Rory’s brave turnaround comes up shy

Rory McIlroy saw his hopes of a successful PGA Championship title defence hit the rocks last night as Jason Dufner was attempting to protect a two-shot lead down the stretch at Oak Hill.

Rory’s brave turnaround comes up shy

Dufner, 36, had shared the 54-hole lead at the 2011 PGA in Atlanta and had a five-shot lead with four holes to play only to lose a play-off to Keegan Bradley, and he was defending a two-stroke lead with the tough finish to play, although his nearest rivals were failing to make inroads over the closing holes.

McIlroy, 24, had put himself in with a chance of victory with a third-round, three-under-par 67 on Saturday that left him on three under for the week, six shots behind 54-hole leader Jim Furyk at the start of yesterday's play.

The two-tie major winner, a year on from his record eight-shot PGA win at Kiawah Island, got off to a hot start in upstate New York when he sunk a long birdie putt at the par-three third and then lasered in his approach to the par-five fourth to inside four feet.

The world number three missed the opportunity to close the gap further though, but it was a cruel bounce at the next hole which really ended his chances of mounting a serious challenge. Playing the par-four fifth hole, McIlroy was nicely positioned on the fairway off the tee and looking set to give himself another birdie chance when his approach into the green found the downhill slope and rolled off the putting surface onto the rocks beside greenside creek.

And it got worse from there, the Irish star, having taken a penalty stroke, sending his fourth shot from the drop zone over the green and into thick rough on his way to a victory-snuffing triple-bogey seven that sent McIlroy reeling back to one under, eight shots off the lead.

McIlroy was rallying, with birdies at the par-four ninth and 10th to return to level par for the round and added another birdie at the par-five 13th to move back to four under, only to give that shot right back with a bogey at the par-four 16th, having missed the fairway off the tee and failed to get back on with his second shot. With two to play, the best he could hope for was a best finish in the majors this year, something he was comfortably achieving as he closed in on a top-10 finish.

As McIlroy's hopes faded early, 54-hole leader Jim Furyk and Dufner were busy making birdies, reducing the potential contenders to a handful of golfers.

Playing together in the final group, Dufner held a two-shot lead over the 43-year-old Furyk as the pair turned for home, the latter having bogeyed the ninth after missing a 15-foot putt, the former sinking his par putt from around 10.

And with four to play, Dufner was still out front on his own on 11 under par, with Furyk on nine under, a shot ahead of Sweden's Henrik Stenson, whose playing partner in the penultimate group, compatriot Jonas Blixt was on seven under with three to play.

Dufner, who followed up his course-record 63 on Friday with a one-over 71 on Saturday, had started a shot behind 2003 US Open champion Furyk on eight under before overtaking the 54-hole leader with back-to-back birdies on the fourth and fifth.
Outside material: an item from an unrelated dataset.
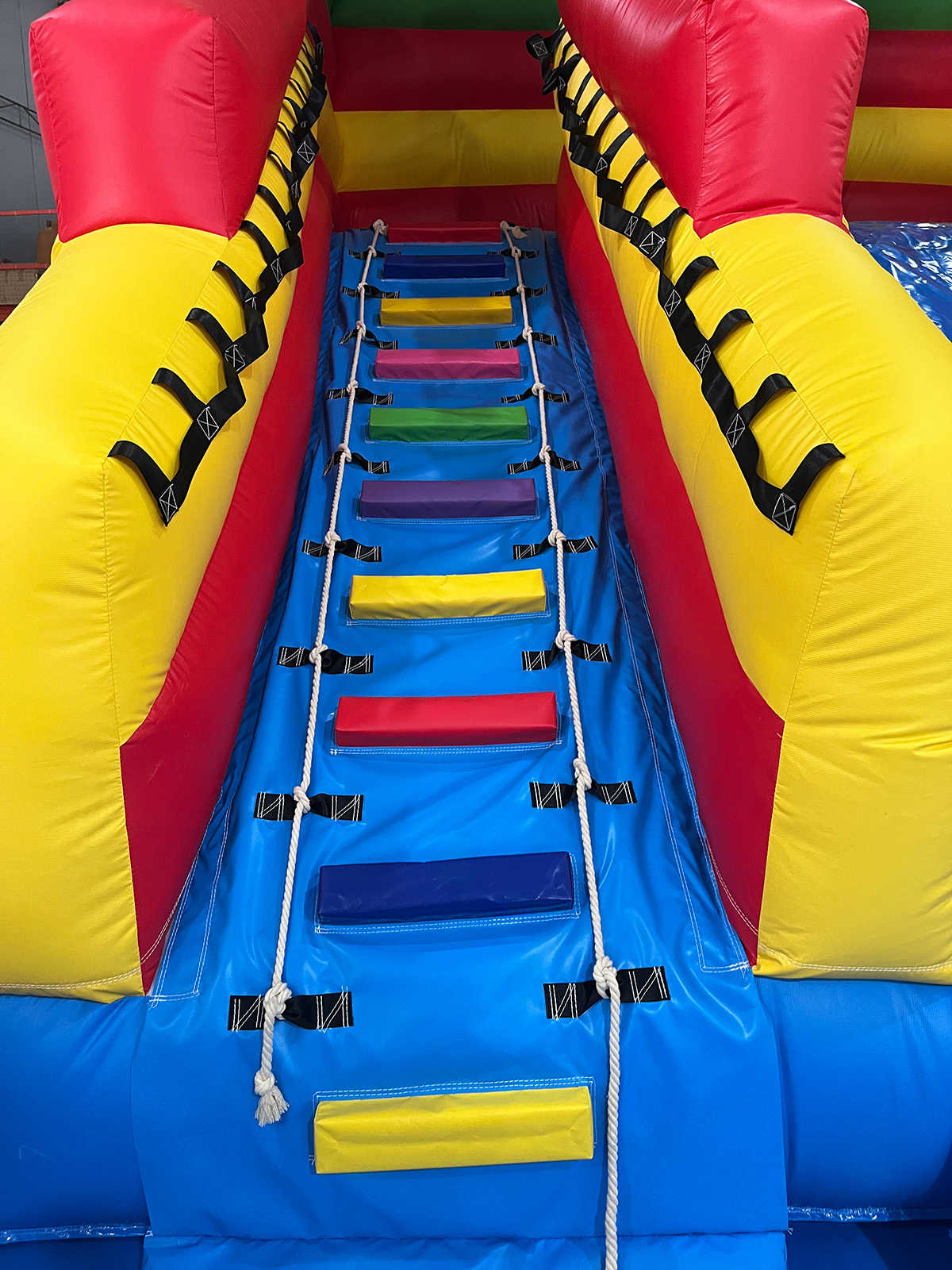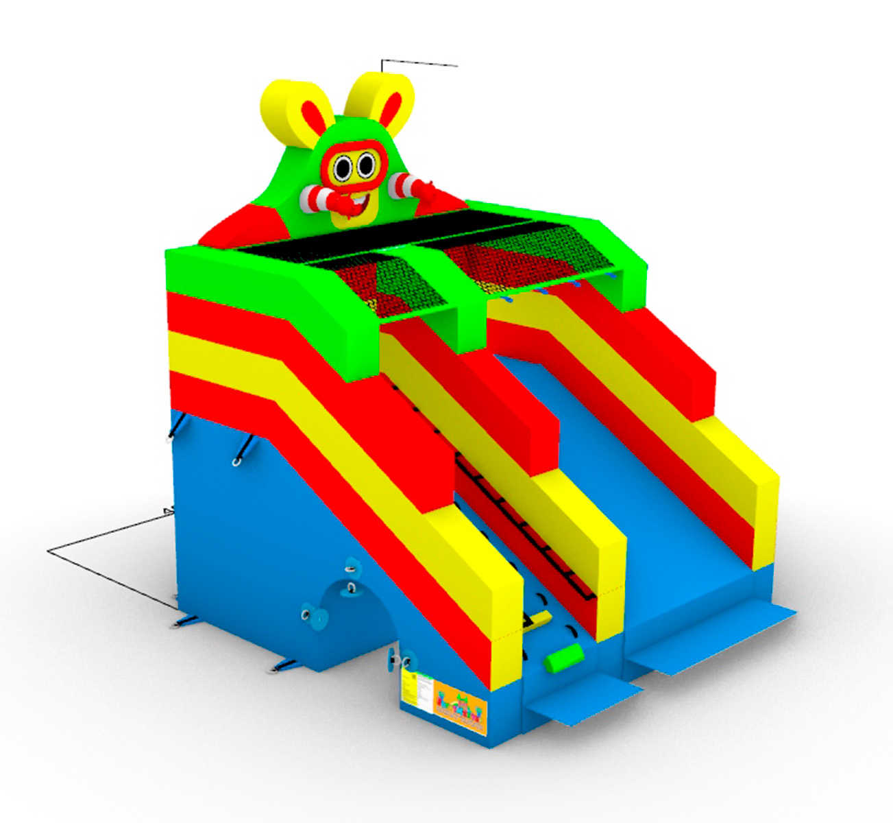Горка поддерживается за счёт постоянного поддува и оснащена всеми необходимыми элементами для надёжной фиксации к земле, в том числе швартовочными узлами и анкерами.
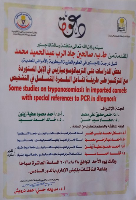 مناقشة رسالة الماجستير الخاصة بالطبيب بيطرى / صالحين جاد الرب عبدالحميد

Furyk joined him on 10 under when he birdied the par-three sixth, only for Dufner to birdie the eighth before the veteran slipped up at the ninth.

Masters champion Adam Scott was one under for his final round on a six under for the tournament after 16 holes with American Scott Piercy holding the clubhouse lead on five under following a closing 65.

Also in the clubhouse were Graeme McDowell, whose four-under-par 66 was his best round of the week and indeed of any major this year, looking set to give the Portrush man a top-15 finish. McDowell was on two under, alongside Boo Weekley, who shot a 67 and Marc Leishman (68).

Tiger Woods will have to wait another year for his return to the winner's enclosure in a major after a closing-round level-par 70 kept him pegged at four over par for the tournament.

“I was close in two of them,” Woods said “I was right there and certainly had a chance to win the Masters and the British this year. The other two, I just didn’t hit it good enough. Just the way it goes.

“Having a chance on the back nine on Sunday, I can live with that. It's always frustrating going out there, and I'm three over today, got to 7, and I'm grinding my tail off coming in just to shoot even par for the day. And I'm nowhere in it. That's tough.”